# Best upgrade(s) for $500?



## paulm (Feb 24, 2009)

Hey!

I currently want to spend $500 on my rig.

What upgrades would leave me with the greatest boost in performance (in general, games, benchmarks, just overall) for under $500?

I know I need to upgrade my video card, and probably my case (but lets not consider that as part of this $500).

I'm happy to overclock for a performance boost, so if you think its worth throwing in a decent HSF, go for it.

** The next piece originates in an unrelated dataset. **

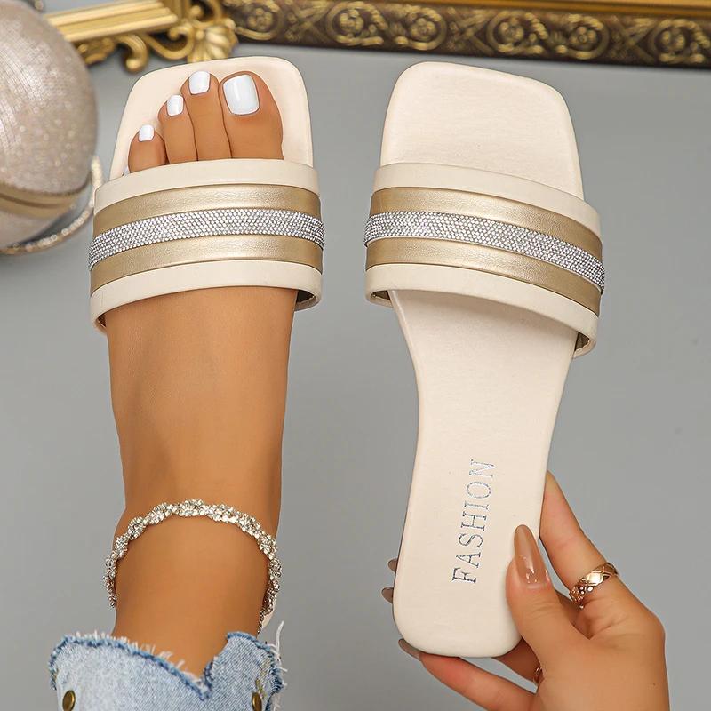 Мода Мода Новые Шлепанцы на Низком Каблуке из ПУ Кожи Женские Дизайн с Пайетками Квадратный Носок Летние Женские Шлепанцы Легкие Сандалии Mujer
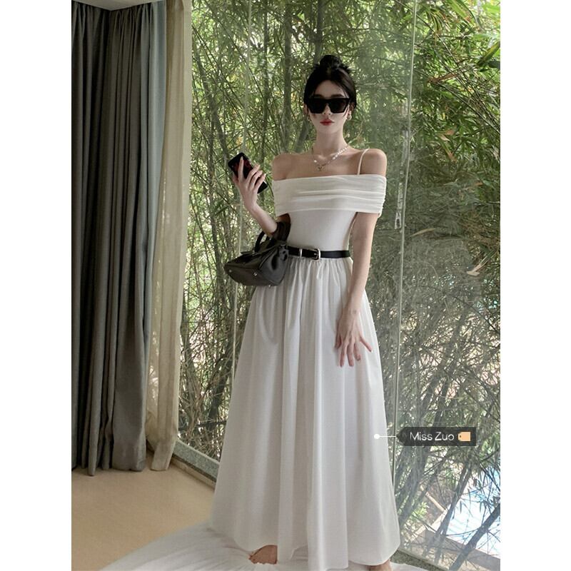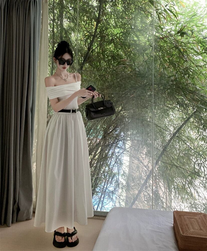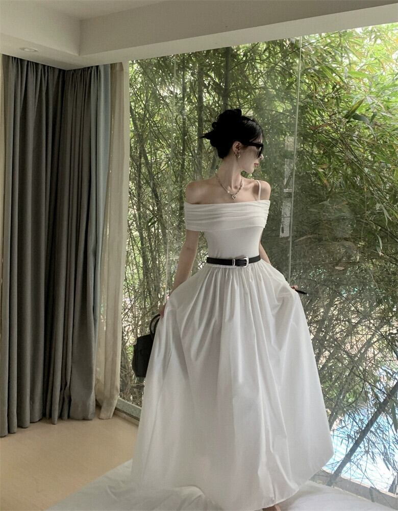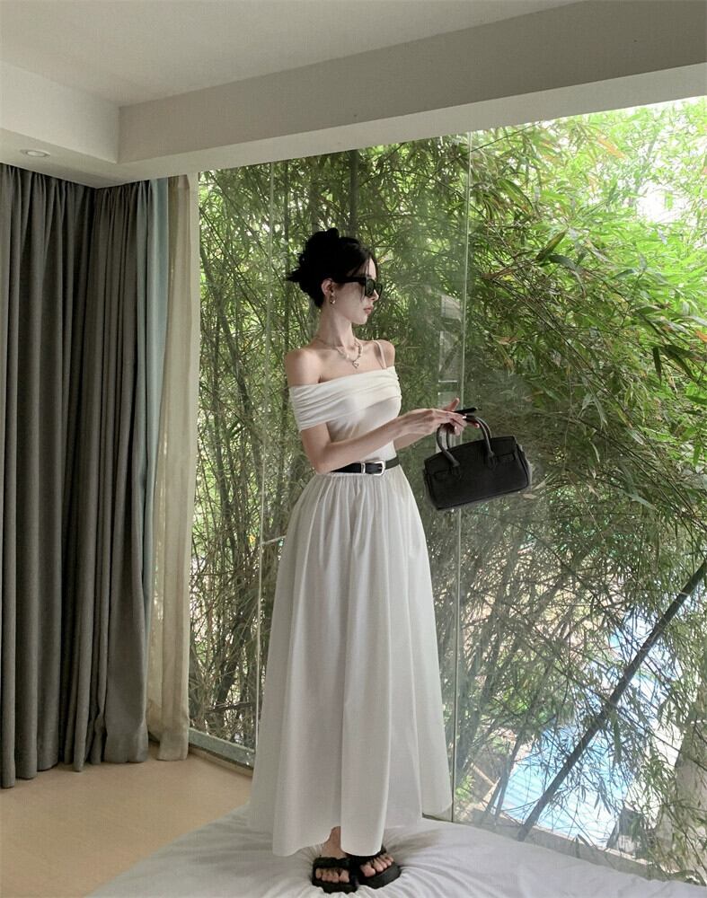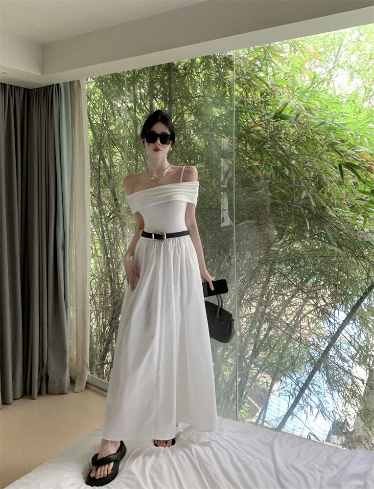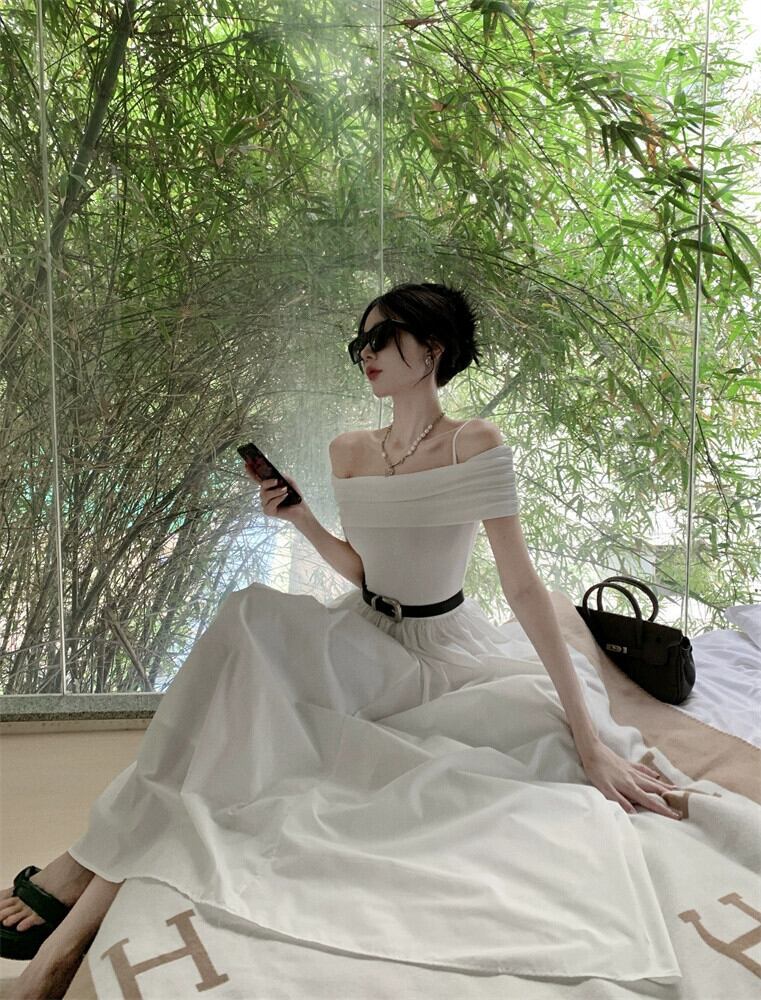 白いワンショルダードレスの女性の2023年夏新しいデザインセンスニッチ気質ハイエンドウエストロングスカート ホワイト サマー 夏物 8571628007166453

I want to upgrade to i7 in the future, but at the moment, its too pricey and I have a feeling it isn't worth it (if I'm wrong, please feel free to shank me and then proceed to broadcast fanboy slogans).

Thanks guys


----------



## LittleLizard (Feb 24, 2009)

gigabyte ud3p 130 + shipping
xiggy s1283 - 37 free shipping
e8400 - 165 free shipping

use the leftovers for a videocard


----------



## rizla1 (Feb 24, 2009)

upgrade ur cpu fan and oc like a chapion ,anther hdd 1tb or something similer and and a gtx 260 216 shaders can be had on ebay for £160 or $230 its the best i seen oc it to get gtx280 performance.


----------



## iStink (Feb 24, 2009)

tax returns or something? lol

Get yourself an OCZ gamerXStream 700w psu, and a gtx285.


----------



## ShadowFold (Feb 24, 2009)

Get two of these
http://www.newegg.com/Product/Product.aspx?Item=N82E16814161236
And go i7 down the road. An E6600 is still a pretty powerful CPU for gaming. If do go for a new board get this
http://www.newegg.com/Product/Product.aspx?Item=N82E16813136051&Tpk=DFI X38


----------



## paulm (Feb 24, 2009)

Alright, slight change.

For the sake of not wasting money, lets say I get the following:

GPU (Something)
HSF (Capable of mounting 1366 socket in the future, via bolt through kit or otherwise)
PSU (Enough for an i7 rig in the future and to power the GPU(s), doesn't need to be fancy)
Case (I like the HAF 932, but it is on the more expensive side).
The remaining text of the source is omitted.